TradingAgentsConfig Extension:
@dataclass
class TradingAgentsConfig:
# ... existing fields ...
# Database configuration
database_url: str = field(default_factory=lambda: os.getenv("DATABASE_URL", ""))
database_pool_size: int = field(default_factory=lambda: int(os.getenv("DATABASE_POOL_SIZE", "10")))
database_max_overflow: int = field(default_factory=lambda: int(os.getenv("DATABASE_MAX_OVERFLOW", "20")))
database_echo: bool = field(default_factory=lambda: os.getenv("DATABASE_ECHO", "false").lower() == "true")
# Vector configuration
enable_vector_search: bool = field(default_factory=lambda: os.getenv("ENABLE_VECTOR_SEARCH", "true").lower() == "true")
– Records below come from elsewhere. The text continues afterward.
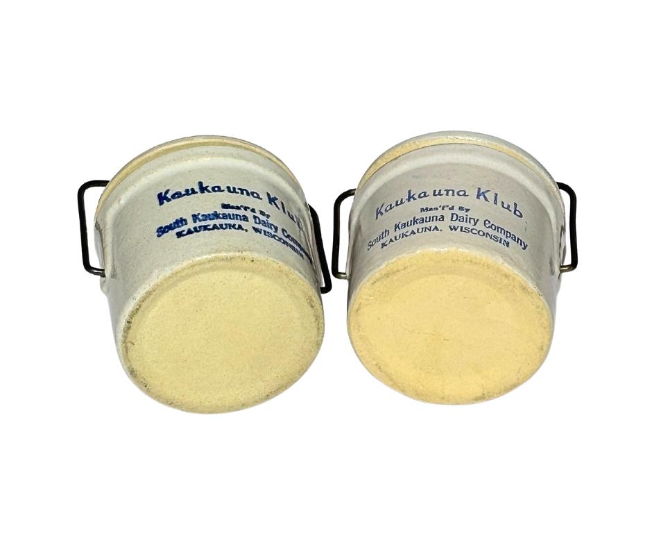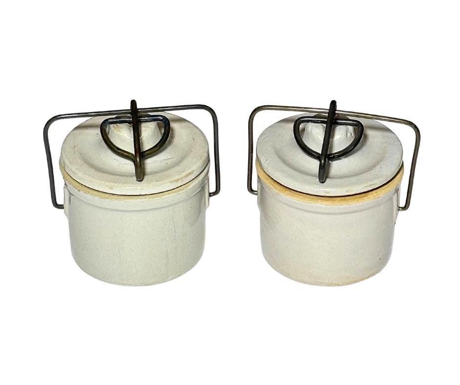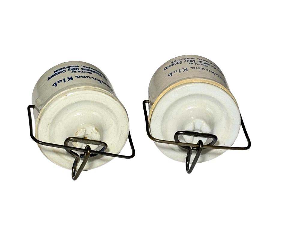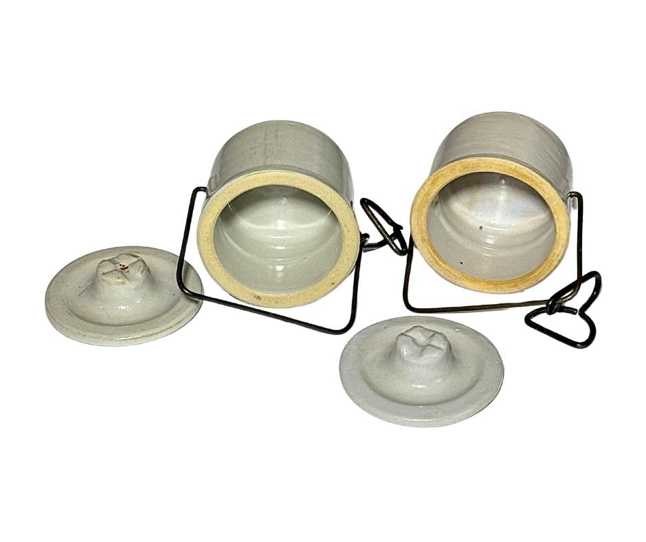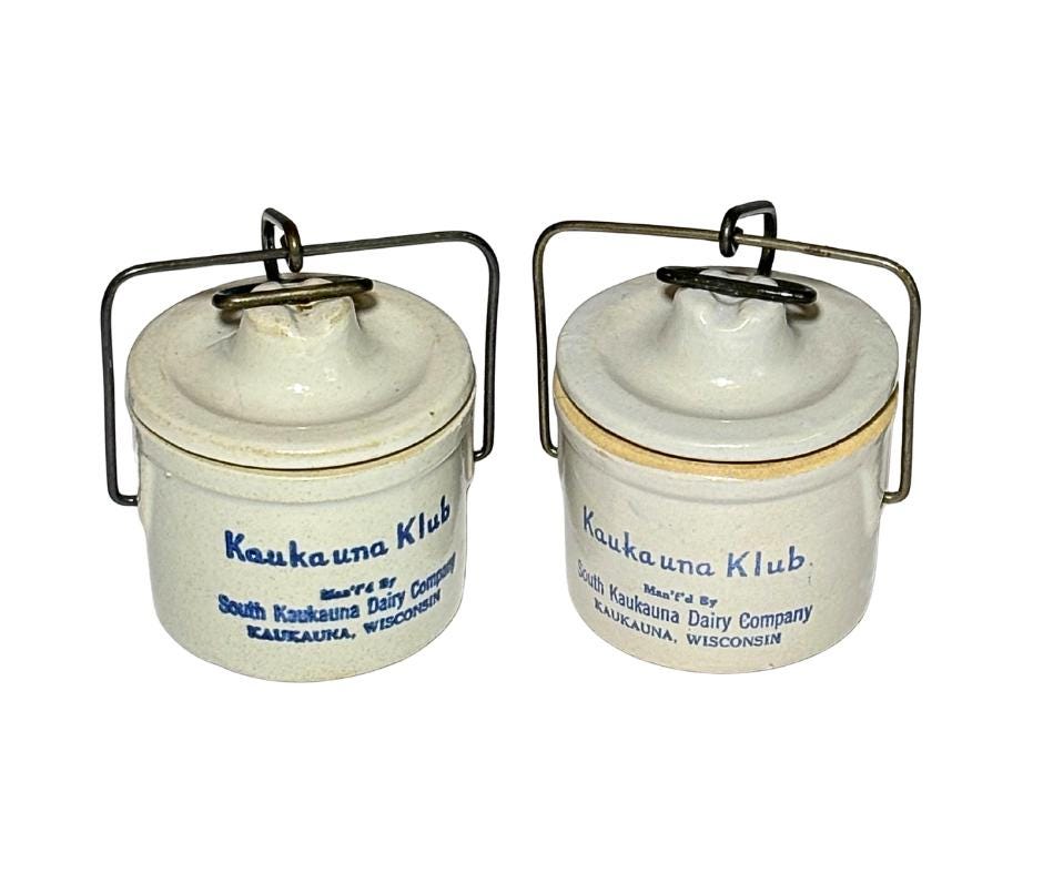 Vintage Kaukauna Klub Stoneware Cheese Crocks With Lid And Wire Bail Smallest Size- Set Of Two
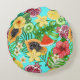 Tropische mix-fruit, bloemen en bladeren op blauw rond kussen
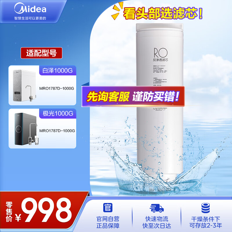 美的净水器滤芯—适用于MRO1787D-1000G 、MRO1787D-1000G、MRC1878B/1878B-1000G -Best系列- RO滤芯价格:998.00元!
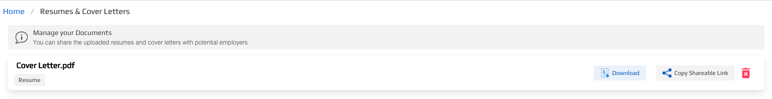 You can upload your cover letter and resume and share your resume with recruiters using the sharing link

embedding_model: str = field(default_factory=lambda: os.getenv("EMBEDDING_MODEL", "text-embedding-ada-002"))
embedding_batch_size: int = field(default_factory=lambda: int(os.getenv("EMBEDDING_BATCH_SIZE", "100")))
enable_sentence_transformers: bool = field(default_factory=lambda: os.getenv("ENABLE_SENTENCE_TRANSFORMERS", "true").lower() == "true")
@property
def has_database_config(self) -> bool:
"""Check if database is properly configured."""
return bool(self.database_url and self.database_url.startswith("postgresql://"))
@property
def embedding_provider(self) -> str:
"""Get embedding provider from LLM provider setting."""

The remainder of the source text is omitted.